The Farm Scale Evaluations (FSEs) of spring-sown genetically modified herbicide-tolerant (GMHT) crops were conducted in the UK from 2000 to 2002 (Firbank *et al*. 1999, 2003*a*,*b*). The effects of the management regimes associated with conventional and genetically modified beet (*Beta vulgaris* L.), maize (*Zea mays* L.) and oilseed rape (*Brassica napus* L.) crops on weed plant and invertebrate indicators within fields and in field margins were compared. Each crop was treated as a different experiment. The first results were published in October 2003 for vegetation (Heard *et al*. 2003), soil-surface-active invertebrates (Brooks *et al*. 2003), epigeal and aerial arthropods (Haughton *et al*. 2003), field boundary invertebrates and vegetation (Roy *et al*. 2003), and plant and invertebrate trophic groups (Hawes *et al*. 2003).

The design considerations and statistical methods developed for the FSEs are described in detail elsewhere (Rothery *et al*. 2002, 2003; Perry *et al*. 2003). Briefly, each experiment comprised a randomized block design, with whole fields as blocks and with the treatment (conventional or GMHT) replicated once on half-field units in each field. The primary concerns were with tests of the null hypothesis of no difference in abundance, measured as counts of individuals in each half-field, between the GMHT and conventional treatments, and with estimates of treatment effects.

The FSEs were unusual in at least three ways. First, the FSEs cost £6 m (about £0.5 m crop^{−1} yr^{−1}), much more than most ecological experiments, corresponding in total to 24 standard research grants (Crawley 2003). Second, they were highly controversial and attracted intense examination because of the public concern over genetic modification (Perry 2003). As a response, the research proposed by the contractors was overseen by a Scientific Steering Committee that scrutinized closely the planned design and analysis which became the subject of considerable discussion and further research (Perry *et al*. 2003).
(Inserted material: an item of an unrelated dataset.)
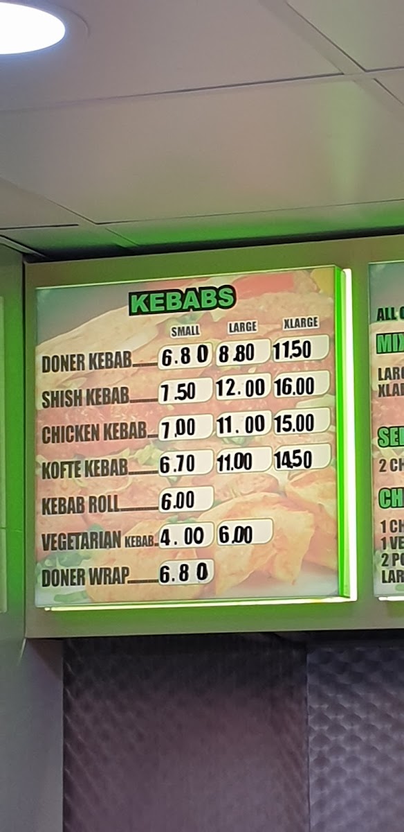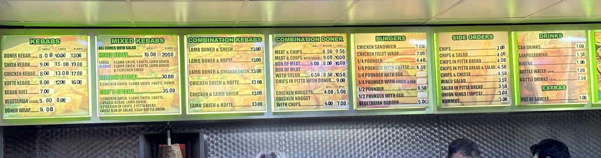 From a reviewer’s perspective, the menu at Selsdon Kebab Centre on 180 Addington Rd, Selsdon, South Croydon CR2 8LB, United Kingdom, presents a straightforward yet satisfying selection for lovers of grilled meats and quick bites. The kebabs section features classics like Doner Kebab, Shish Kebab, Chicken Kebab, and Kofte Kebab, alongside the convenient Kebab Roll. For those seeking variety, the Mixed Kebabs options, including Mixed Kebab, Selsdon Special, and Chef's Special, provide an enticing sampler. The Combination Kebabs, such as Lamb Doner & Shish, Lamb Doner & Kofte, Lamb Doner & Chicken Shish, Chicken Shish & Kofte, and Chicken & Lamb Shish, offer generous portions for sharing or hearty appetites. Those favoring a simpler mix will find the Combination Doner dishes-Meat & Chips, Meat & Chips With Salad, and Chips In Pitta With Doner-particularly appealing.

Third, Firbank *et al*. (2003*b*) and others (Lawton 2003; May 2003; Webb 2003; Pollock 2004) have emphasized the prime importance of the FSE database as a source of baseline measurements of the abundance of biodiversity to inform changes in policy for British agriculture. Research is now showing how biodiversity can be enhanced in arable landscapes by the manipulation of farming systems (Dewar *et al*. 2003) and their adjacent field margins (Sotherton 1991), and there is a perceived need to restore the balance between agricultural production and wildlife.

For each of the above reasons, it is fair to ask whether the effort that went into planning was justified, whether the original assumptions were vindicated, whether more sites were required or fewer could have been used, whether the analysis of the FSEs was efficient, and how estimates of variability might be used to inform the design of future similar studies. This paper is intended to provide answers to these and similar questions.

## 2. Background

The statistical power of a significance test is the probability of rejecting the null hypothesis when some given alternative hypothesis is true. Prior to publication of the results, a statistical power analysis (Perry *et al*. 2003) had suggested that the planned replication of around 60 fields per crop over 3 years would be sufficient to provide useful information from which valid statistical inferences could be drawn. Specifically, it indicated that a sample size of *n*=60 fields should have provided adequate power (more than 80%) to detect multiplicative differences of *R*=1.5-fold, for a given biological indicator, so long as its coefficient of variation (CV) did not exceed 50% and its mean abundance exceeded 5.0. Power was estimated over scenarios that encompassed a range of treatment differences, number of fields and degrees of random variability, both for a standard log-Normal model, based on a Normal distribution of logarithmically transformed counts, and also for an extended negative binomial model developed to be more realistic for the count data, particularly for small abundances. For the extended model the variance (*V*) of the count was assumed to be related to the mean count (*μ*) through a power law (Taylor 1961) with parameters *α* and *β*, i.e. *V*=*αμ*^{β}. The mean count, *μ*_{ij}, for treatment *i* in field *j* was given by ln *μ*_{ij}=*γ*+*F*_{j}+*t*_{i}, where *γ* is the logarithm of the overall mean count (*γ*=ln[*μ*], *μ*=e^{γ}), *F*_{j} is a field effect and *t*_{i} is a treatment effect. Note that treatment and field effects were, therefore, multiplicative on the natural count scale (*μ*_{ij}=*μ* exp[*F*_{j}]exp[*t*_{i}]).

The model was used to simulate count data to estimate power for detecting multiplicative differences *R*=1.3, 1.5 and 2, using sample sizes *n*=20, 30, 40, 60 and 90, with mean counts *μ*=1, 5, 10 and 100, field effects which varied over a 100-fold range, *β*=1.0, 1.5 and 2, and values of *α* chosen to achieve coefficients of variation on the natural scale (CV) of 50, 80 and 100%. The power of the Monte Carlo paired randomization test (two-tailed test at the 5% significance level) (Manly 1994) was estimated using 10^{5} sets (500 repetitions of each of 199 randomized sets plus the original data) of simulated data, for each of 12 combinations of the model parameters. Three test-statistics were examined, reflecting three forms of variance–mean relationships defined through *β*: *d*, the mean of the differences between the two treatments on a logarithmic scale (*β*=2); *r*, the logarithm of the ratio of the overall arithmetic means of the two treatments (*β*=1); and *d*_{w}, a weighted version of *d* with weights based on the approximate variance of the difference in logarithmically transformed counts, assuming *β*=1.5.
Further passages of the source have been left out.